Beynimizin arkaik şifrelerini çözmeyi başarmış kapitalist sistemle bu ölüm oyununu oynamak yerine bizi onurlu insanlar yapan akılcı düşünceyi kullanarak verdiğimiz zararları telafi etmenin yollarını aramaya başlamanın zamanı gelmedi mi?
30 Nisan 2022
İstanbul
Dr Yasemin Manavbaşı
*Pareto Sosyolojisi: Aydınlanma filozofları rasyonalitenin önemini vurgularken Vilfredo Pareto (1848-1923) insani içgüdüler gibi rasyonel olmayan faktörlerin önemi üzerinde durmuştur. Sosyolojik çözümlemesinde toplumun insan doğasından kaynaklanan psikolojik güçlerin ve benzeri mekanizmaların bir ürümü olduğunu savunmuştur.
**Rana Plaza Felaketi: 24 Nisan 2013’te çoğu kadın binlerce işçinin çalıştığı beş hazır giyim fabrikası ve bir labirenti andıran dükkanların bulunduğu Rana Plaza kompleksi 90 saniye içinde çöker ve dünya çapında hazır giyim endüstrisi tarihindeki tüm zamanların en ölümcül felaketi yaşanır.

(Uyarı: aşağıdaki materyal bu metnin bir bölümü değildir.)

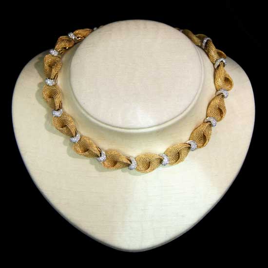 This gorgeous necklace features a dazzling 18K yellow and white gold construction. It boasts a braid-like design with sparkling diamonds for a touch of uniqueness. Add this stylish necklace to your jewelry collection.

Bangladeş’te yaşanan bu olay çoğunluğunu 18-20 yaş arasındaki genç kadınların oluşturduğu 1138 kişinin ölümüne, 2500 kişinin yaralanmasına neden olur. Yalnızca beş kat için ruhsat almış aceleyle inşa edilmiş Rana Plaza’ya bir gün önce duvarlarında oluşan büyük ve tehlikeli çatlaklar nedeniyle belediye tarafından tehlike raporu verilmiştir ama tekstil işçileri patronların ücret kesintisi ve işten çıkarma tehdidi sebebiyle binaya girmek zorunda kalırlar.